Instructions for the task - Pictures aside, write out every record exactly as it appears.
*** Dataset extract Section Begins ***
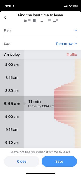 Die App wird es auch tunZeigt Ihnen die ungefähre Zeit an, die Sie benötigen, um den Standort zu erreichen, und schlägt Ihnen außerdem eine relevante Zeit zum Verlassen Ihres aktuellen Standorts vorum das Ziel zum angegebenen Zeitpunkt zu erreichen. Waze sendet Ihnen außerdem vor Ihrem geplanten Fahrer eine Benachrichtigung, um Sie daran zu erinnern.
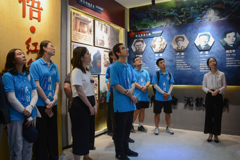“青年党员要认真学习马克思主义理论,结合学习党史、新中国史、改革开放史、社会主义发展史,在学思践悟中坚定理想信念,在奋发有为中践行初心使命。”为深入推进“四史”学习教育,将习近平总书记的殷殷嘱托转化为普法路上砥砺前行的不竭动力,8月1日建军节这天,“典”入民心暑期社会实践队临时党支部组织举行了“学四史·守初心·担使命”主题党日活动。循着革命先辈的足迹,实践队员们走进乌山,参观了播撒闽南革命火种的中央闽南地委机关旧址和闽南乌山老游击队员之家、月港事件纪念馆等地,大家翻山越岭,以重走红军路的方式重温历史,缅怀先辈,深切体会中国共产党人伟大的革命精神,感悟共产党人矢志不渝的初心使命。当晚,实践队顺利返回厦门,在法学院220会议室举行“四史”学习教育主题党课。实践队员们分别从学习党史、新中国史、改革开放史和社会主义发展史的角度,结合三天诏安宣讲实践的收获畅谈学习心得。实践队临时党支部书记徐瑞祥在总结发言中谈到,希望全天充实的党日活动能够帮助大家进一步感悟初心使命,在未来的民法典宣讲中更好地担当青年党员的职责使命,实现“四史”学习学深悟透,入脑入心。
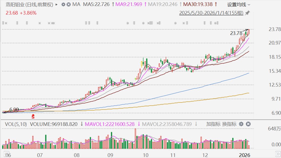 洛阳钼业手握全球约23%钴储量及世界级铜钴矿集群,核心矿山铜钴品位远超行业平均,KFM二期投产后将再增10万吨铜产能,叠加刚果(金)钴出口配额 红利,量价共振支撑业绩高增。洛阳钼业通过资源禀赋优势与数字化改革降本,铜生产成本处在相对低位,"矿山+贸易"模式平滑周期波动,抗风险能力 行业领先。铜钴受益新能源需求扩容,巴西金矿并购落地与厄瓜多尔金矿布局构建"铜金双极",H股股权激励绑定核心团队,长期成长确定性强。 格隆汇1月14日|贵金属价格集体走高,刺激A股市场有色金属股走强。其中,入选了格隆汇2026年"下注中国"十大核心资产名单的洛阳钼业(603993.SH) 盘中涨4.3%报23.78元,再创历史新高。该股在2025年累涨210%后,今年在截至今日的8个交易日内再度累涨超18%。 ...
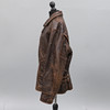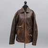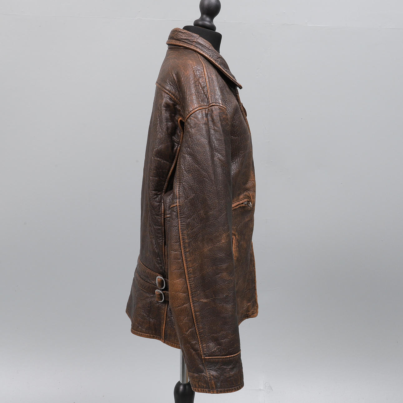 Storlek 52, målmedvetet nödställda kalvskinn, ett quiltat brunt foder med sexkantiga sömmotiv och frontal dragkedja. Två justerbara läderremmar lindas runt ryggen för fastsättning.
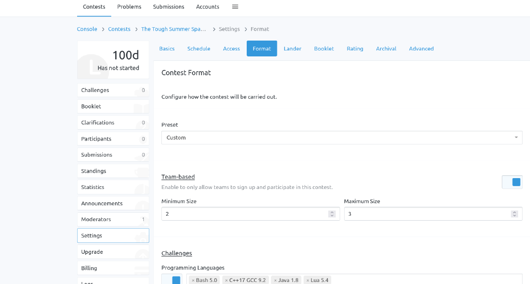 To set up a team contest, navigate to the contest’s format settings and enable “Team-based”. Specify the minimum and maximum number of members allowed in each team.
*** Dataset extract Section Ends ***
Answer box -
 Die App wird es auch tunZeigt Ihnen die ungefähre Zeit an, die Sie benötigen, um den Standort zu erreichen, und schlägt Ihnen außerdem eine relevante Zeit zum Verlassen Ihres aktuellen Standorts vorum das Ziel zum angegebenen Zeitpunkt zu erreichen. Waze sendet Ihnen außerdem vor Ihrem geplanten Fahrer eine Benachrichtigung, um Sie daran zu erinnern.
“青年党员要认真学习马克思主义理论,结合学习党史、新中国史、改革开放史、社会主义发展史,在学思践悟中坚定理想信念,在奋发有为中践行初心使命。”为深入推进“四史”学习教育,将习近平总书记的殷殷嘱托转化为普法路上砥砺前行的不竭动力,8月1日建军节这天,“典”入民心暑期社会实践队临时党支部组织举行了“学四史·守初心·担使命”主题党日活动。循着革命先辈的足迹,实践队员们走进乌山,参观了播撒闽南革命火种的中央闽南地委机关旧址和闽南乌山老游击队员之家、月港事件纪念馆等地,大家翻山越岭,以重走红军路的方式重温历史,缅怀先辈,深切体会中国共产党人伟大的革命精神,感悟共产党人矢志不渝的初心使命。当晚,实践队顺利返回厦门,在法学院220会议室举行“四史”学习教育主题党课。实践队员们分别从学习党史、新中国史、改革开放史和社会主义发展史的角度,结合三天诏安宣讲实践的收获畅谈学习心得。实践队临时党支部书记徐瑞祥在总结发言中谈到,希望全天充实的党日活动能够帮助大家进一步感悟初心使命,在未来的民法典宣讲中更好地担当青年党员的职责使命,实现“四史”学习学深悟透,入脑入心。
 洛阳钼业手握全球约23%钴储量及世界级铜钴矿集群,核心矿山铜钴品位远超行业平均,KFM二期投产后将再增10万吨铜产能,叠加刚果(金)钴出口配额 红利,量价共振支撑业绩高增。洛阳钼业通过资源禀赋优势与数字化改革降本,铜生产成本处在相对低位,"矿山+贸易"模式平滑周期波动,抗风险能力 行业领先。铜钴受益新能源需求扩容,巴西金矿并购落地与厄瓜多尔金矿布局构建"铜金双极",H股股权激励绑定核心团队,长期成长确定性强。 格隆汇1月14日|贵金属价格集体走高,刺激A股市场有色金属股走强。其中,入选了格隆汇2026年"下注中国"十大核心资产名单的洛阳钼业(603993.SH) 盘中涨4.3%报23.78元,再创历史新高。该股在2025年累涨210%后,今年在截至今日的8个交易日内再度累涨超18%。 ...
 Storlek 52, målmedvetet nödställda kalvskinn, ett quiltat brunt foder med sexkantiga sömmotiv och frontal dragkedja. Två justerbara läderremmar lindas runt ryggen för fastsättning.
 To set up a team contest, navigate to the contest’s format settings and enable “Team-based”. Specify the minimum and maximum number of members allowed in each team.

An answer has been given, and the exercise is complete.